Thomas Chen has been awarded an NSF Fellowship as part of the Graduate Research Fellowship Program to pursue his research in the design of efficient artificial neural networks for computer vision.
Computer vision is used in a wide range of applications, including mobile devices and sensor nodes for context-aware image recognition, security cameras, and micro unmanned aerial vehicles (UAV) for wide-area surveillance. Better understanding of human vision processes and neural networks has led to advances in the design of algorithms used in these applications.
One important difference between the way human neural networks and computers work is the way they process information. Neural networks operate in parallel to solve problems, whereas computers operate through a series of single instructions.
Implementing artificial neural networks on a computer for practical problems has not shown great promise due to interconnect complexities and the need for extremely high memory bandwidth.
Thomas and his group are working to improve upon artificial neural network design through a process called sparse coding. Basically, if you keep the activity of the artificial neural network very sparse, sending only very important information, then you don’t need to process as much information at a time, which enhances efficiency and saves power.

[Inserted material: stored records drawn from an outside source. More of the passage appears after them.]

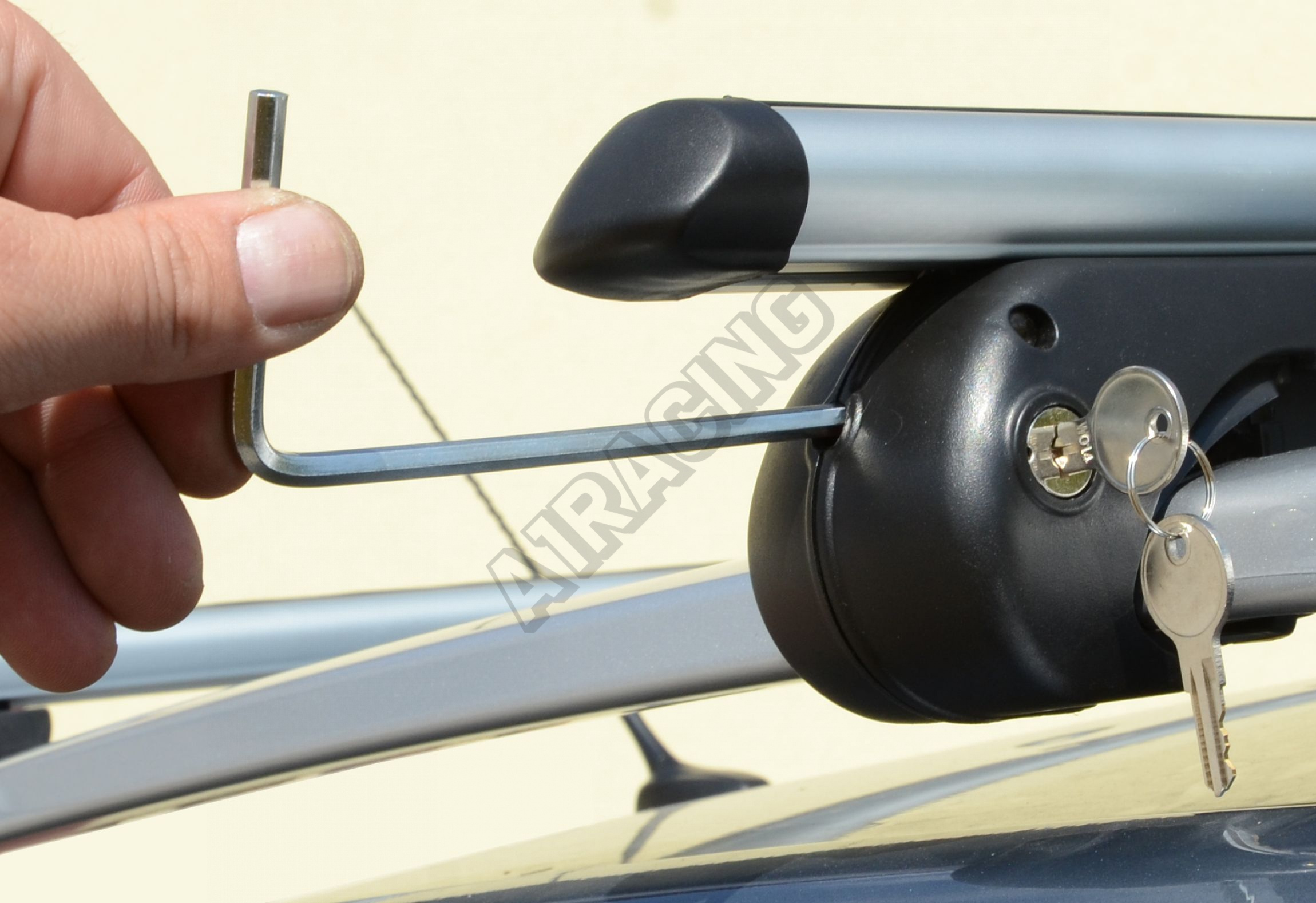 Vyznačuje se snadným upevněním. Stačí jen odemknout a pomocí přiloženého imbusového klíče příčník upnout či povolit.
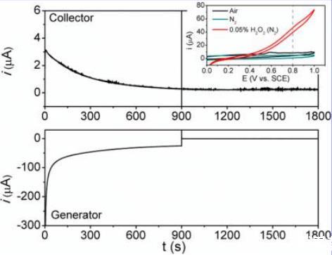 在集電極處每分子O?還原的整體電子計數(shù)為3的觀察結(jié)果,引發(fā)了在水的氧化實驗過程中H?O?可能對在發(fā)生器電極觀察到的陽極電流有貢獻(xiàn)的可能性。為研究這種可能性,在空氣飽和溶液中進(jìn)行了一項C-G實驗,如圖5所示。在此情況下,F(xiàn)TO發(fā)生器在0至900 s期間置于-0.85 V vs SCE以進(jìn)行O?還原,并在900至1800 s期間置于0 V vs SCE。FTO集電極在整個實驗期間置于0.8 V vs SCE以感應(yīng)H?O?。如圖5插圖所示,使用FTO工作電極記錄的CV顯示,在存在H?O?時,0.8 V vs SCE處的陽極電流比在空氣或缺乏H?O?的N?飽和溶液中有所增加。重要的是,在實驗過程中未觀察到FTO集電極處陽極電流增加,這表明如果H?O?在O?還原過程中形成,它不會對在對電極觀察到的電流有貢獻(xiàn)。
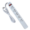 Diseño blanco, 5 salidas con supresor de picos, interruptor de encendido/apagado y montaje en pared. Ideal para proteger tus dispositivos eléctricos. ¡Seguridad y funcionalidad en un solo producto!
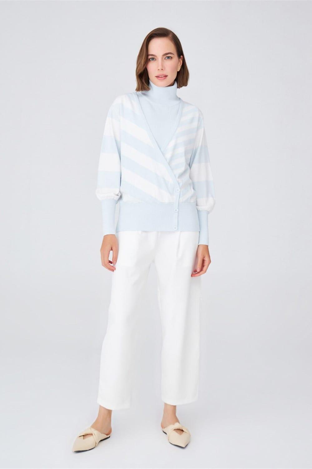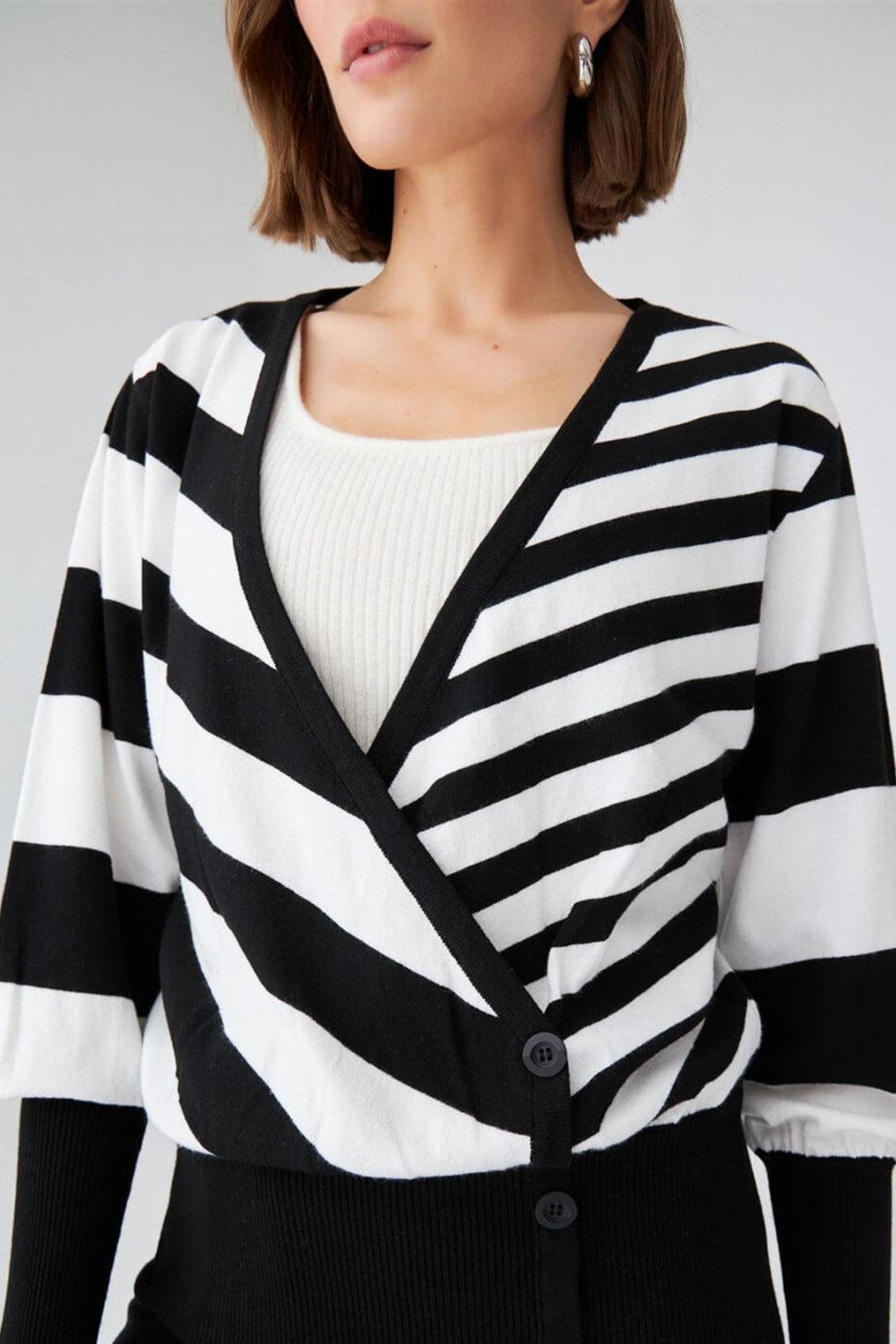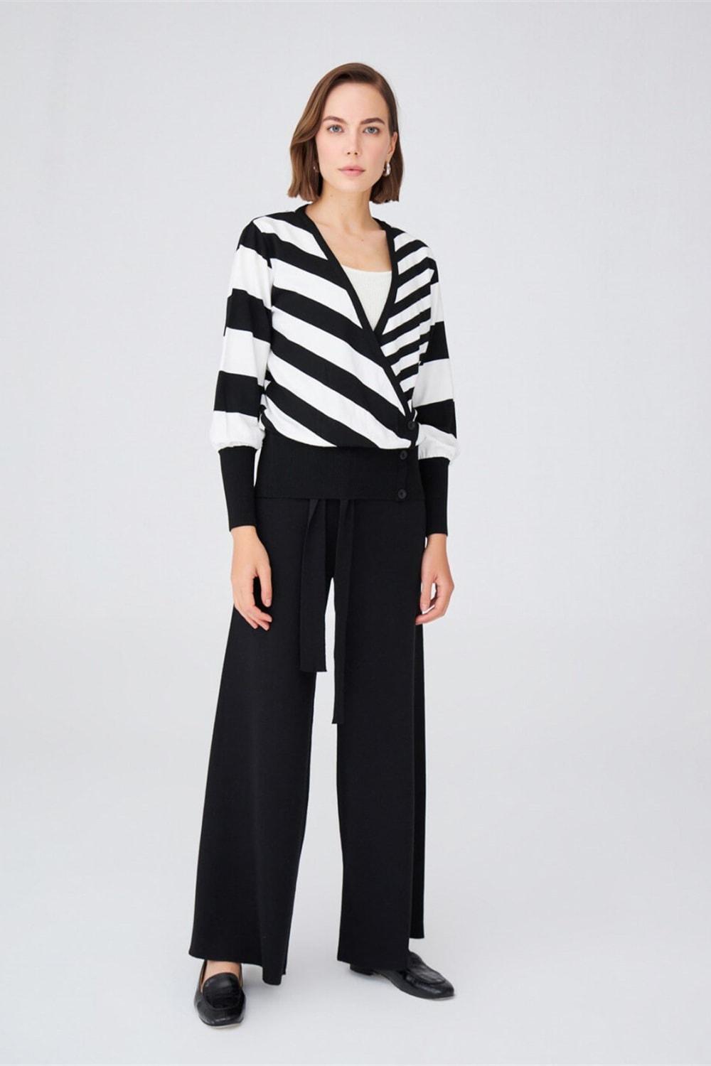 Çizgili, Kolları Dökümlü, Kruvaze Yaka Mevsimlik BluzStandart Fit
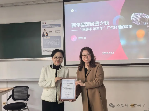 12月1日,作為“百年育人聯(lián)盟”成立后,百年高校與百年品牌攜手共創(chuàng)的“傳承歷史文脈 培育時(shí)代新人”系列的首場(chǎng)活動(dòng),恒源祥集團(tuán)黨委書記、組織發(fā)展中心總經(jīng)理顧紅蕾走進(jìn)上海大學(xué)新聞傳播學(xué)院,為學(xué)生們講述了《百年品牌經(jīng)營(yíng)之秘——“恒源祥 羊羊羊”廣告背后的故事》。

Thomas and his group were able to design custom hardware architectures for efficient and high-performance implementations of a sparse coding algorithm called the sparse and independent local network (SAILnet).
This research was published in the paper, Efficient Hardware Architecture for Sparse Coding, by Jung Kuk Kim, Phil Knag, Thomas Chen, and Zhengya Zhang, IEEE Transactions on Signal Processing, Vol. 62, no. 16, August 15, 2014.
Building upon this work, Thomas and the group developed a 65nm CMOS ASIC to implement feature extraction using bus-ring architecture. Feature extraction is a key problem in image processing, involving the identification of edges and regions in an image. Their final chip took up an area of 3.06 mm2, and achieved an inference throughput of 1.24Gpixel per second at 1.0V and 310MHz.
The group presented their results at the 2014 IEEE Symposium on VLSI Circuits, and subsequently published the paper, A Sparse Coding Neural Network ASIC With On-Chip Learning for Feature Extraction and Encoding, by Phil Knag, Jung Kuk Kim, Thomas Chen, and Zhengya Zhang, IEEE Journal of Solid-State Circuits, Vol. 50, no. 4, April 2015.
Thomas is a 2nd year electrical engineering Ph.D. student working under the direction of Prof. Zhengya Zhang. He received his bachelor’s degree from the University of Michigan in 2013, specializing in VLSI design.
His research interests are in high-speed and low-power VLSI circuits and systems. He enjoys the way his current research touches on neural science, digital signal processing, and VLSI all at the same time. He also enjoys the combination of hands-on work with programming that comes with his research.